*AVAILABLE RECORDS*.
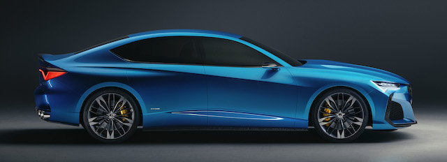 このタイプSコンセプトは、アキュラのスポーツセダンであるTLXの次期モデルのデザインスタディとも言われており、現行モデルよりさらにロー&ワイドを強調したフォルムが特徴。真横からのフォルムを見ると、たしかに4枚ドアを前提としたデザインとなっている。
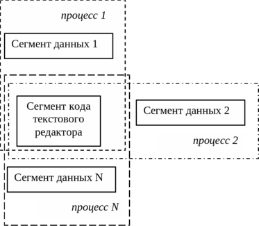 Некоторые современные ОС имеют возможность разделения единого сегмента кода между разными процессами. Тем самым достигается экономия памяти в случаях одновременного выполнения идентичных процессов. Например, при функционировании терминального класса одновременно могут быть сформированы несколько копий текстового редактора. В этом случае сегмент кода у всех процессов, соответствующих редакторам, будет единый, а сегменты данных будут у каждого процесса свои.
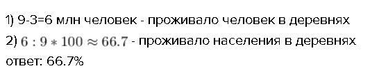 1) 9-3=6 млн человек - проживало человек в деревнях
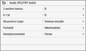 Määritä tämän näytön avulla JPEG- ja TIFF-tiedostojen tulostuksen lisäasetukset, kuten kuvanlaadun säätäminen.
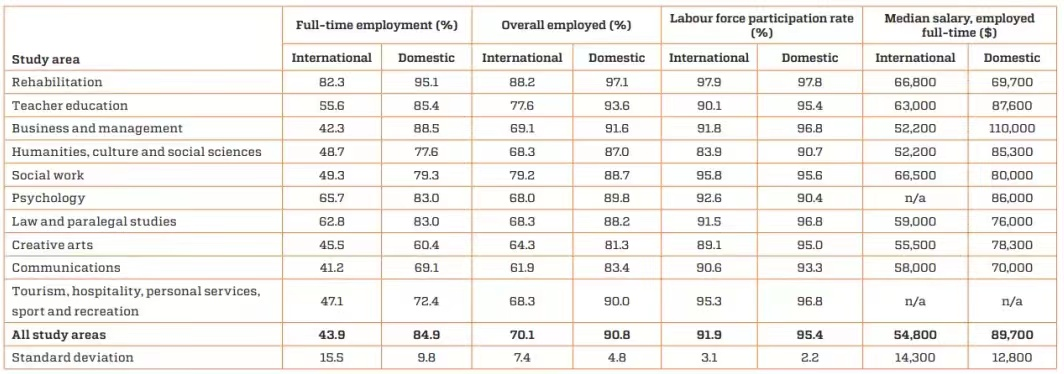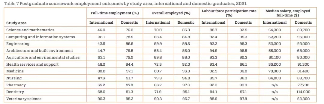 而对研究生来说,全职就业率从兽医科学的90.3%到计算机和信息系统的38.1%不等。与本科生一样,全日制就业率相对较高的教育领域,如药学、医学、兽医科学、康复和牙科,对国际和澳洲国内毕业生来说都是相似的。
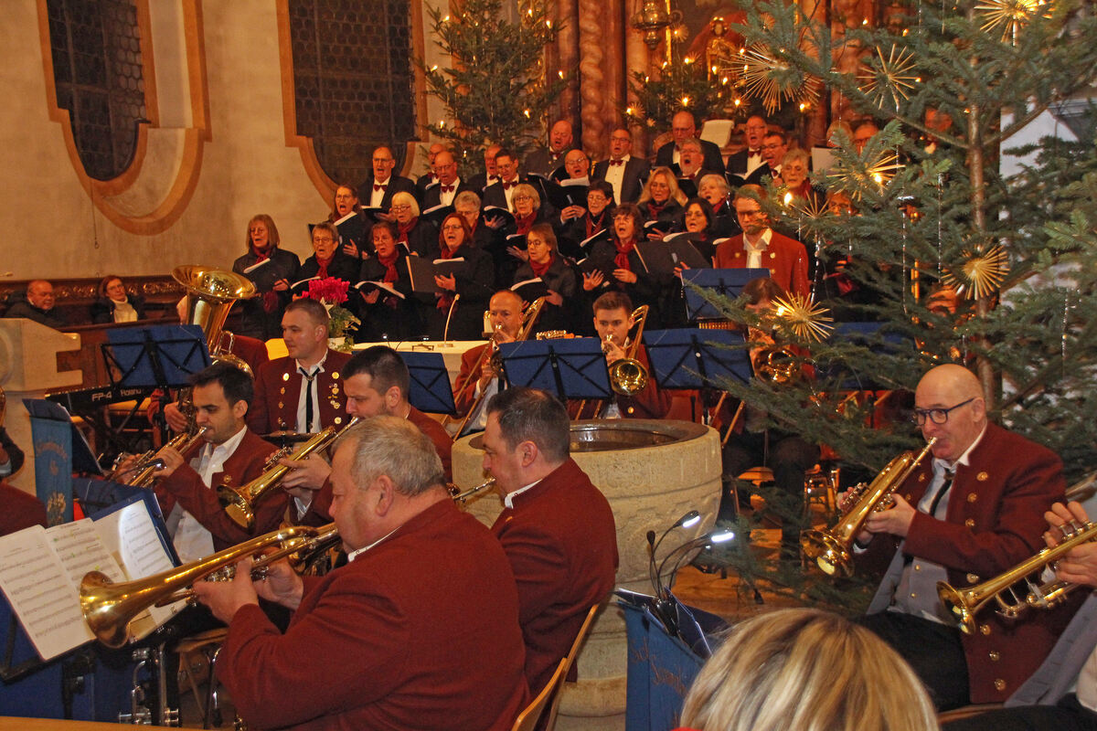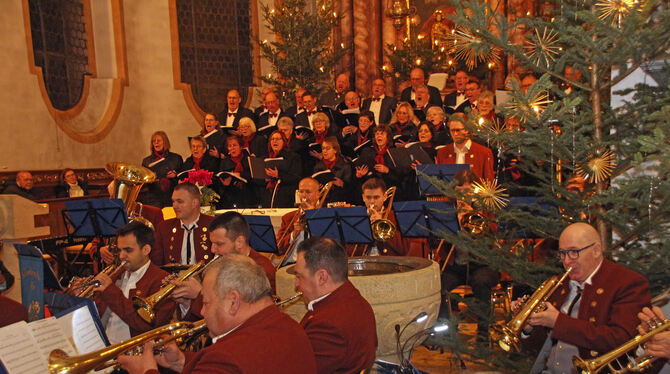 Die Schwäbische Alb Musikanten unter Leitung von Georg Bussmann sowie der Kirchenchor der St. Martinskirche mit seinem Leiter Günter Polanz begeisterten die Zuhörer bei ihrem Weihnachtskonzert. FOTO: LEIPPERT
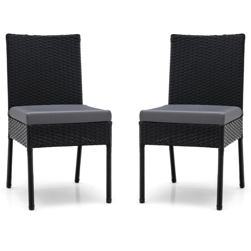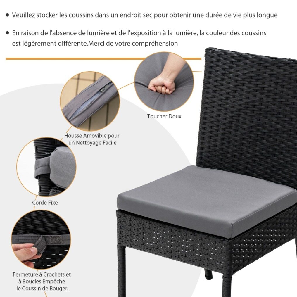 Selected Black PE Rattan: The high-quality PE wicker, which is weather-resistant, fade-resistant and sun-protective makes these patio dining chairs have a better performance in the outdoor environment. Besides, the PE rattan also endows the modern feeling for these outdoor chairs.
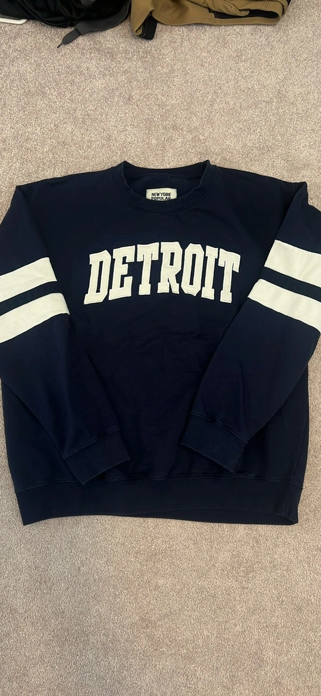 Get ready to show your Detroit pride with this Popular Detroit Sweatshirt in XL. This used sweatshirt features a classic design with 'DETROIT' emblazoned across the chest, complete with sporty stripes on the sleeves. It's made from a comfortable 60% cotton, 40% polyester blend, perfect for those casual days or cozy nights in. Specifications: Brand: New York Popular, Size: XL, Material: 60% Cotton, 40% Polyester, Design: 'DETROIT' lettering with striped sleeves. If you're seeing this ad, the sweatshirt is still available! Condition: Used - Good. Payment: Cash accepted.

*REQUIRED ACTION*.
Everything in the data above gets copied exactly. Only the pictures are skipped.

*TASK RESULT*.
 このタイプSコンセプトは、アキュラのスポーツセダンであるTLXの次期モデルのデザインスタディとも言われており、現行モデルよりさらにロー&ワイドを強調したフォルムが特徴。真横からのフォルムを見ると、たしかに4枚ドアを前提としたデザインとなっている。
 Некоторые современные ОС имеют возможность разделения единого сегмента кода между разными процессами. Тем самым достигается экономия памяти в случаях одновременного выполнения идентичных процессов. Например, при функционировании терминального класса одновременно могут быть сформированы несколько копий текстового редактора. В этом случае сегмент кода у всех процессов, соответствующих редакторам, будет единый, а сегменты данных будут у каждого процесса свои.
 1) 9-3=6 млн человек - проживало человек в деревнях
 Määritä tämän näytön avulla JPEG- ja TIFF-tiedostojen tulostuksen lisäasetukset, kuten kuvanlaadun säätäminen.
 而对研究生来说,全职就业率从兽医科学的90.3%到计算机和信息系统的38.1%不等。与本科生一样,全日制就业率相对较高的教育领域,如药学、医学、兽医科学、康复和牙科,对国际和澳洲国内毕业生来说都是相似的。
 Die Schwäbische Alb Musikanten unter Leitung von Georg Bussmann sowie der Kirchenchor der St. Martinskirche mit seinem Leiter Günter Polanz begeisterten die Zuhörer bei ihrem Weihnachtskonzert. FOTO: LEIPPERT
 Selected Black PE Rattan: The high-quality PE wicker, which is weather-resistant, fade-resistant and sun-protective makes these patio dining chairs have a better performance in the outdoor environment. Besides, the PE rattan also endows the modern feeling for these outdoor chairs.
 Get ready to show your Detroit pride with this Popular Detroit Sweatshirt in XL. This used sweatshirt features a classic design with 'DETROIT' emblazoned across the chest, complete with sporty stripes on the sleeves. It's made from a comfortable 60% cotton, 40% polyester blend, perfect for those casual days or cozy nights in. Specifications: Brand: New York Popular, Size: XL, Material: 60% Cotton, 40% Polyester, Design: 'DETROIT' lettering with striped sleeves. If you're seeing this ad, the sweatshirt is still available! Condition: Used - Good. Payment: Cash accepted.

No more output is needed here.